“INSIGHT: SCOTUS Should Clear Up Section 101 Patent Test Confusion,” Bloomberg Law

August 27, 2020

In an article published on August 27, 2020 in Bloomberg Law, Michael Cicero provides insight on the recent orders issued by the Federal Circuit involving last year’s ruling on the patent eligibility test, which have only clouded the issues more.

In a July 31 order, the U.S. Court of Appeals for the Federal Circuit denied full panel review of its controversial 2019 panel decision in American Axle & Mfg. Inc. v.
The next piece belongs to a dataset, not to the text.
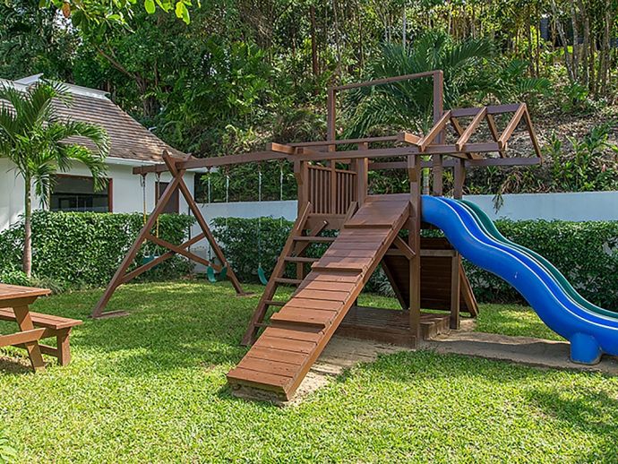 • Hillside Garden with Water Feature • Kitchen Garden • Large Sun Terrace & Balconies • Spectacular Sea & Forest Views • Private Infinity Swimming Pool (deepest point - 5ft 7in) • Poolside Bar • Sun Loungers & Umbrellas • Outdoor Furniture • Private Gym • Children’s Playground • Basketball Court • Pool Table • Ping Pong Table • 5 Golf Carts •

Neapco Holdings LLC, which had extended the doctrine of patent ineligibility under 35 U.S.C. § 101 to mechanical inventions.

Instead of granting full panel review, the Federal Circuit issued a modified 2-1 panel decision that continued to hold several of the litigated patent claims ineligible under § 101 for being directed to a “law of nature,” while remanding the case back to the district court for further analysis of another set of claims. Dissenting from that decision, Judge Kimberly A. Moore remarked: “The majority’s holding that these claims to manufacturing an automotive drive shaft are ineligible has sent shock waves through the patent community,” citing several publications, including Cicero’s December 2019 Bloomberg Law article that had discussed the original panel decision.

“The judicial acrimony generated in American Axle reflects a state of confusion that screams for U.S. Supreme Court review of the modified panel decision,” explained Cicero. “Earlier this year, the Supreme Court denied review of several cases presenting Section 101 issues, signaling reluctance to address any more Section 101 cases.”

Cicero said it’s up to the U.S. Supreme Court to review the case to end the abject uncertainty plaguing Section 101 law. Barring intervention by either the Supreme Court or Congress, abject uncertainty will continue to plague Section 101 law, and patent owners contemplating litigation will now still need to account for the possibility of a patent ineligibility defense, regardless of the type of invention embodied in the patent claims.

“Prospective patent applicants with inventions involving trial-and-error iterations should strive to both stress in the specification and to recite in the claims, all novel aspects of the invention beyond performing such iterations, so as to provide as many factual distinctions from American Axle as possible,” said Cicero.